Provided data
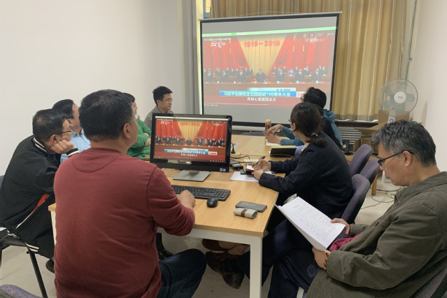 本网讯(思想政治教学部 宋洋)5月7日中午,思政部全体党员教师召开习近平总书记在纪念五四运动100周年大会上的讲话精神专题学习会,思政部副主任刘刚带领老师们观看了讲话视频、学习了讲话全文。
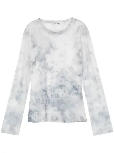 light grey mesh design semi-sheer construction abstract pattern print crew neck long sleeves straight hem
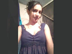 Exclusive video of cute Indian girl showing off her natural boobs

--

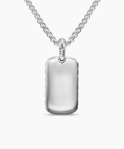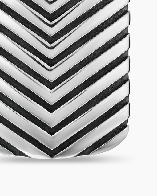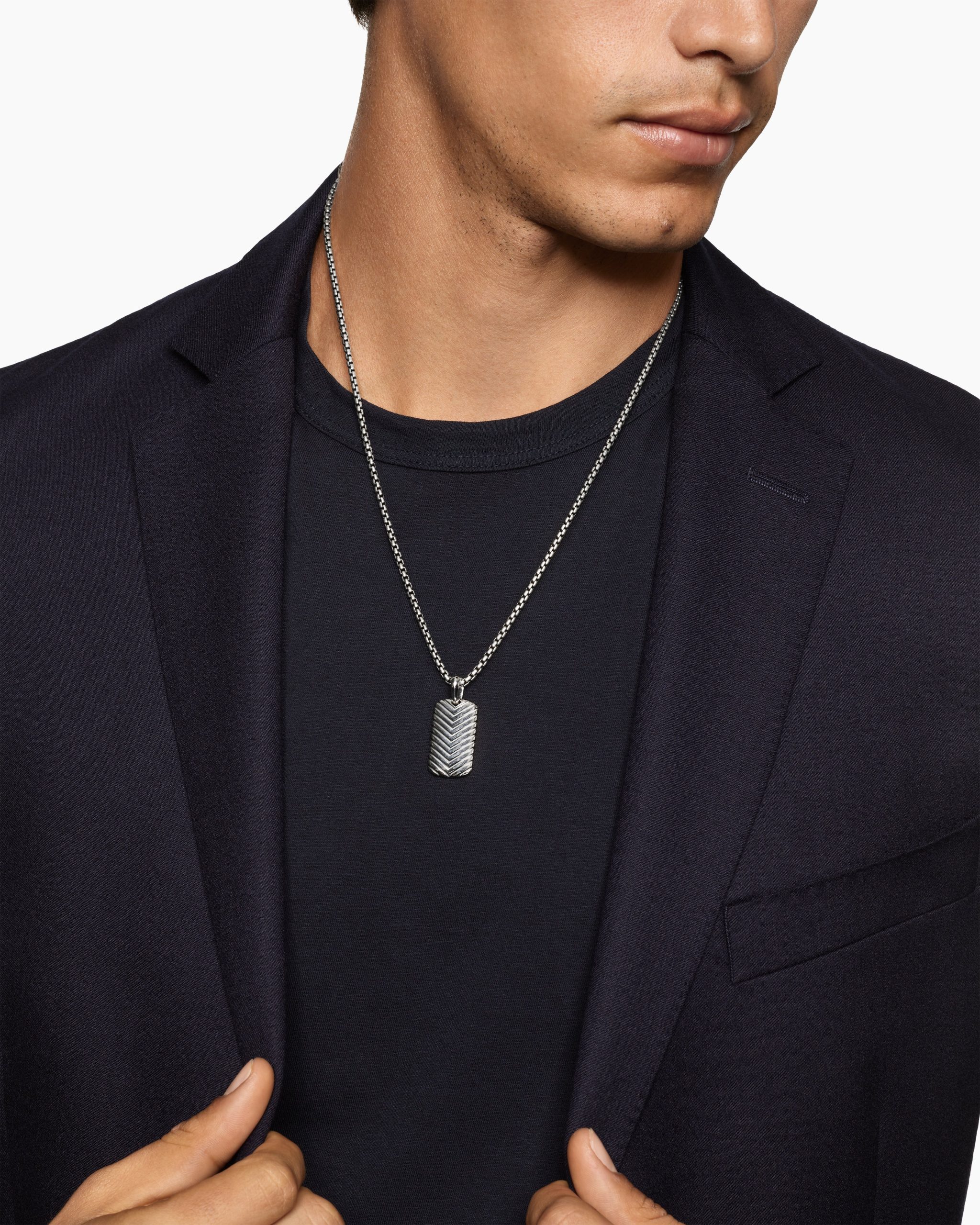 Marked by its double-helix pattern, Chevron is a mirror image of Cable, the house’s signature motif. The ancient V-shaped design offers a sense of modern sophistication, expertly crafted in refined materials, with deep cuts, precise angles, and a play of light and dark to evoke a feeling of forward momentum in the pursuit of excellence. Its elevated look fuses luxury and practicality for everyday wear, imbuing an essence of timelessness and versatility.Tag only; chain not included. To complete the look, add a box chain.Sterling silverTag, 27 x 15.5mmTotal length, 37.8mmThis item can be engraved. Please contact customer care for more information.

About this exercise
Please repeat the lines of the material above exactly, starting with the line that contains "light grey mesh" and ending with the line that contains "Exclusive video of". Leave the pictures out.

Task answer
 light grey mesh design semi-sheer construction abstract pattern print crew neck long sleeves straight hem
 Exclusive video of cute Indian girl showing off her natural boobs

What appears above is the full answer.